FIGS. 1, 2 and 3 illustrate a structure of a reservoir tank 10 of a first embodiment. FIG. 1 illustrates main members of the reservoir tank 10 in an exploded state using a perspective view. The reservoir tank 10 is configured to include a hollow tank, and an inflow pipe 15 and a discharge pipe 16 connected to the tank. The reservoir tank 10 used in a cooling fluid circuit of the liquid-cooled cooling system is disposed and connected in the cooling fluid circuit of the liquid-cooled cooling system so that the cooling fluid flows from the inflow pipe 15 into the hollow tank, and the cooling fluid flows out of the hollow tank through the discharge pipe 16.

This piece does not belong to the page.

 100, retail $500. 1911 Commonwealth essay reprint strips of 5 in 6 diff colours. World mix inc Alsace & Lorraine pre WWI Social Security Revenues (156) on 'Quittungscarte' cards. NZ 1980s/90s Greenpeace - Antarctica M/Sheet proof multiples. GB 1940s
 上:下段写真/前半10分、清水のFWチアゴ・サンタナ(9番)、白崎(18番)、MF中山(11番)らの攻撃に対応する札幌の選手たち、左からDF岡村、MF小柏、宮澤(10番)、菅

FIG. 2 is a cross-sectional view illustrating a cross-section of the reservoir tank 10 taken along a vertical plane including a line X-X (X-X axis) in FIG. 1. An upper side in FIG. 2 corresponds to the upper side in the vertical direction. FIG. 3 is a cross-sectional view illustrating a cross-section of the reservoir tank 10 taken along a horizontal plane including a line Y-Y (Y-Y axis) in FIG. 2. In the first embodiment, the reservoir tank 10 is formed by integrating a lower case 11, an upper case 12, and a partition wall 13 together. The lower case 11 and the upper case 12 are integrated to form the hollow tank. Such a tank is partitioned by the partition wall 13. In the first embodiment, the partition wall 13 is formed in a flat plate shape. The partition wall 13 extends substantially horizontally and partitions the hollow tank.

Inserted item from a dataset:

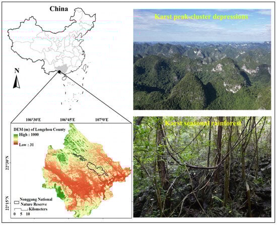The study site is located in the Nongang National Nature Reserve, Longzhou County, Guangxi Province, southwestern China (22°13′56″–22°39′09″ N, 106°42′28″–107°04′54″ E) (Figure 1). The forest in this reserve has remained almost undisturbed by humans for over a century and thus preserves the most pristine karst seasonal rainforest in China and even globally []. The terrain consists of typical karst peak-cluster depressions, composed of clustered mountain peaks and funnel-shaped landscapes with a common base (Figure 1). The elevation ranges from 150 to 600 m. The climate is tropical monsoon, with abundant but unevenly distributed rainfall. The rainy season occurs from March to August, whereas the dry season lasts from September to February. The average annual temperature is approximately 22 °C, with the temperature of the coldest month (January) exceeding 13 °C and that of the hottest month (July) exceeding 28 °C. Annual precipitation ranges from 1200 to 1500 mm. The main soil type is limestone soil, characterized by high alkalinity, thin soil layers, and discontinuous soil cover, making it susceptible to erosion and flushing by precipitation. The area is rich in plant resources, with common tree species including Radermachera sinica, Camellia petelotii, Cephalomappa sinensis, Garcinia paucinervis, and Deutzianthus tonkinensis.

An upper room (space) of the hollow tank partitioned by the partition wall 13 is referred to as a tank chamber 17. The cooling fluid is stored in the tank chamber 17. The tank chamber 17 is surrounded by the upper case 12 and the partition wall 13. A lower room (space) of the hollow tank partitioned by the partition wall 13 is referred to as a gas-liquid separation chamber 18. The gas-liquid separation chamber 18 is surrounded by the lower case 11 and the partition wall 13. The gas-liquid separation chamber 18 is provided below the tank chamber 17 in the vertical direction so as to be adjacent to the tank chamber 17 through the partition wall 13.

When the reservoir tank 10 is used, the gas-liquid separation chamber 18 is substantially filled with the cooling fluid. When it is used, most of the space in the tank chamber 17 is filled with the cooling fluid, and the air is stored in an upper portion of the tank chamber 17. That is, the partition wall 13 is configured such that the whole of the partition wall 13 is immersed in the cooling fluid when used. Although not essential, the lower case 11, the upper case 12, and the partition wall 13 are preferably joined to each other so that the cooling fluid does not easily flow back and forth between the outer peripheral portion of the partition wall 13 and the upper case 12 or the lower case 11.

That is, the reservoir tank 10 provided in the cooling fluid circuit of the liquid-cooled cooling system includes the tank chamber 17 for storing the cooling fluid, the gas-liquid separation chamber 18 provided adjacently below the tank chamber 17 in the vertical direction, the partition wall 13 for partitioning the tank chamber 17 and the gas-liquid separation chamber 18, the inflow pipe 15 for feeding the cooling fluid into the reservoir tank 10, and the discharge pipe 16 for discharging the cooling fluid from the reservoir tank 10. The lower case 11, the upper case 12, the partition wall 13, and the like are assembled so that the structure of the reservoir tank 10 can be realized.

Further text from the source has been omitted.